--- Given information Enclosed Below ---

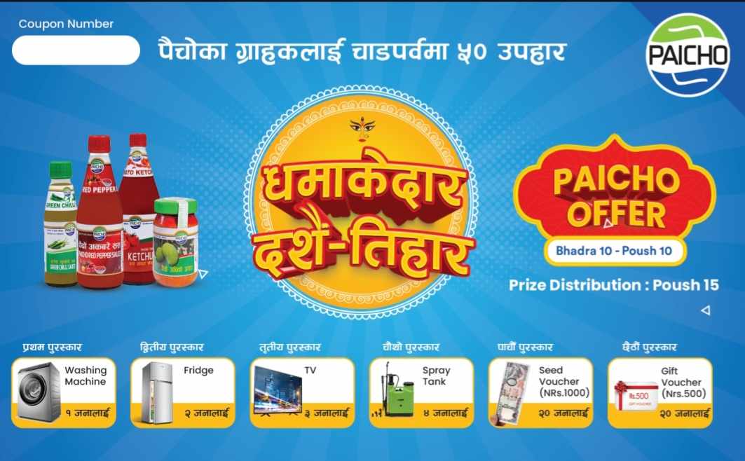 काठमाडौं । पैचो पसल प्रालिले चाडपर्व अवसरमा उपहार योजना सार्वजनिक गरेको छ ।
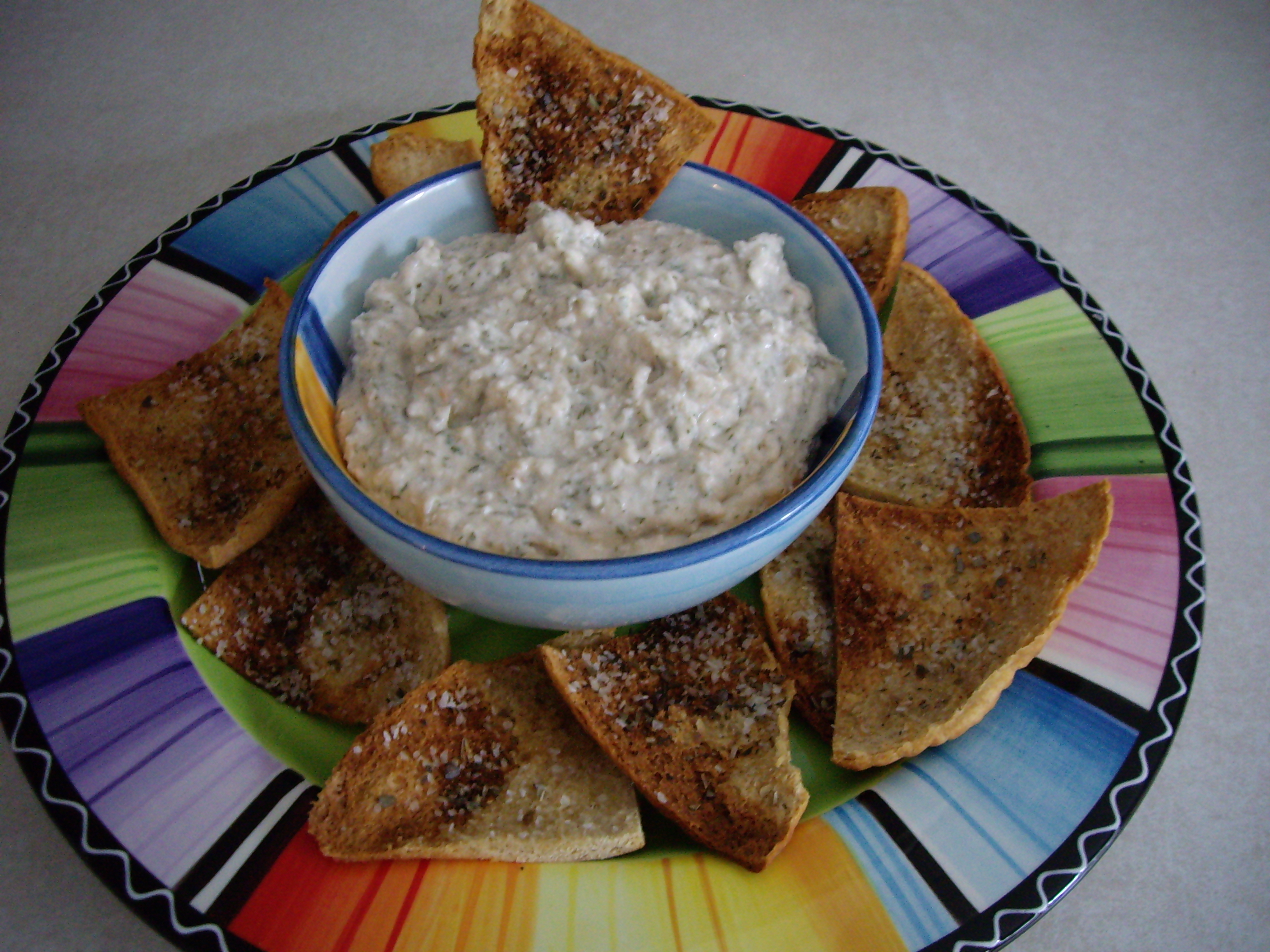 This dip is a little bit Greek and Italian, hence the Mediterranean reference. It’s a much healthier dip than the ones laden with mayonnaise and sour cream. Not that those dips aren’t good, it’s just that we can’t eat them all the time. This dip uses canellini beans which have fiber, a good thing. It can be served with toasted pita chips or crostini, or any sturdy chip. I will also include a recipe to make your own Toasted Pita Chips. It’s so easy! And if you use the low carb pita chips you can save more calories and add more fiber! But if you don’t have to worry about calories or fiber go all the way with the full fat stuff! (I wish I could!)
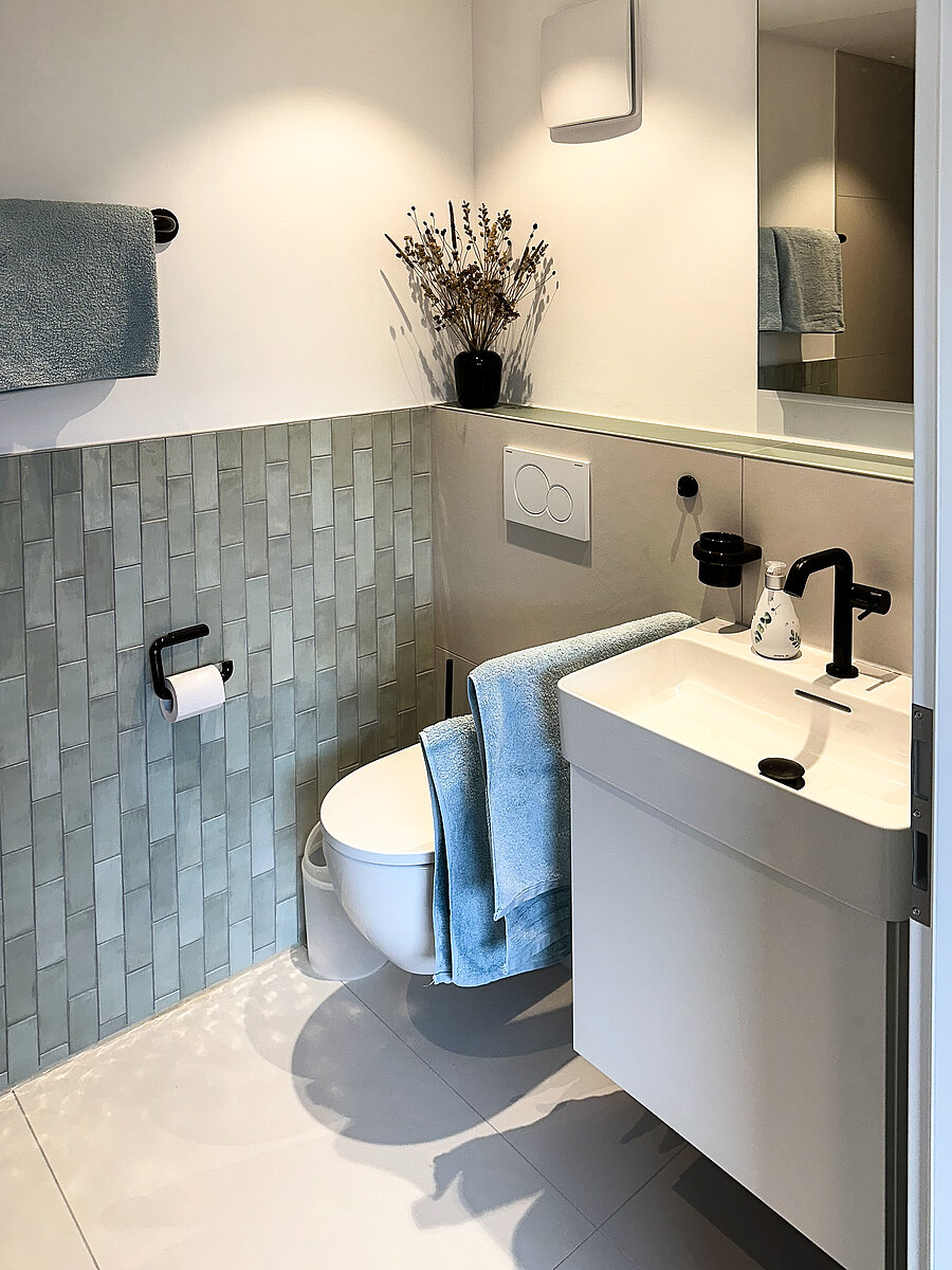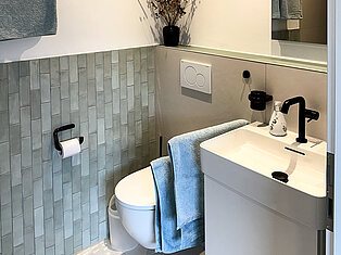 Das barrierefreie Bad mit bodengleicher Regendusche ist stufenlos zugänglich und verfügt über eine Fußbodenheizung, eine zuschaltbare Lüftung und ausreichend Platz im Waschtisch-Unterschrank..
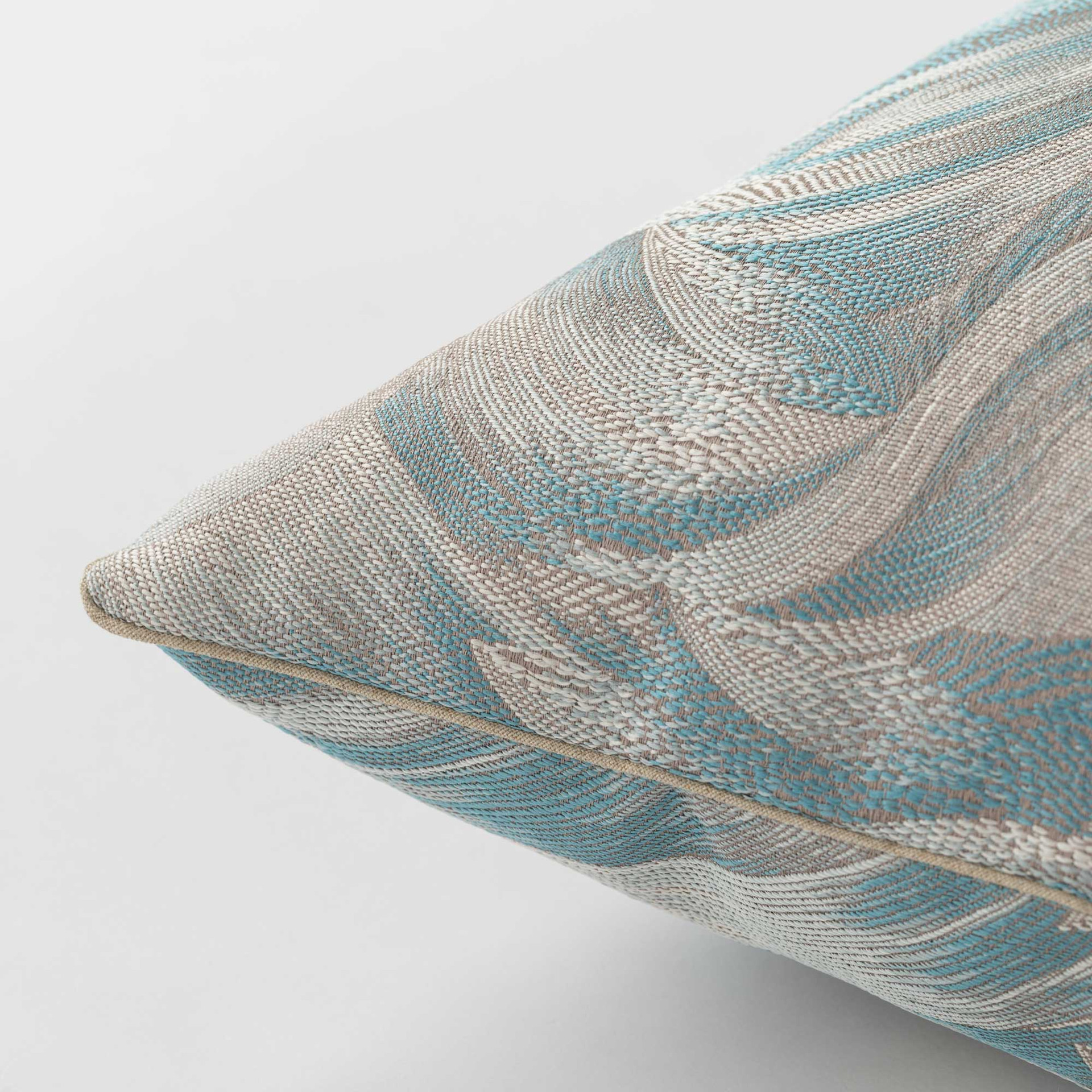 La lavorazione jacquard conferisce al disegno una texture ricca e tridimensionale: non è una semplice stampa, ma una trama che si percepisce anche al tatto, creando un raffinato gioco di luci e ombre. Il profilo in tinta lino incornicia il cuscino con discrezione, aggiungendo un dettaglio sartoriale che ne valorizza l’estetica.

--- End of Enclosed Given information ---

> Problem description: Could the listing above be printed again in full, with every picture omitted?

> Response to the exercise:
 काठमाडौं । पैचो पसल प्रालिले चाडपर्व अवसरमा उपहार योजना सार्वजनिक गरेको छ ।
 This dip is a little bit Greek and Italian, hence the Mediterranean reference. It’s a much healthier dip than the ones laden with mayonnaise and sour cream. Not that those dips aren’t good, it’s just that we can’t eat them all the time. This dip uses canellini beans which have fiber, a good thing. It can be served with toasted pita chips or crostini, or any sturdy chip. I will also include a recipe to make your own Toasted Pita Chips. It’s so easy! And if you use the low carb pita chips you can save more calories and add more fiber! But if you don’t have to worry about calories or fiber go all the way with the full fat stuff! (I wish I could!)
 Das barrierefreie Bad mit bodengleicher Regendusche ist stufenlos zugänglich und verfügt über eine Fußbodenheizung, eine zuschaltbare Lüftung und ausreichend Platz im Waschtisch-Unterschrank..
 La lavorazione jacquard conferisce al disegno una texture ricca e tridimensionale: non è una semplice stampa, ma una trama che si percepisce anche al tatto, creando un raffinato gioco di luci e ombre. Il profilo in tinta lino incornicia il cuscino con discrezione, aggiungendo un dettaglio sartoriale che ne valorizza l’estetica.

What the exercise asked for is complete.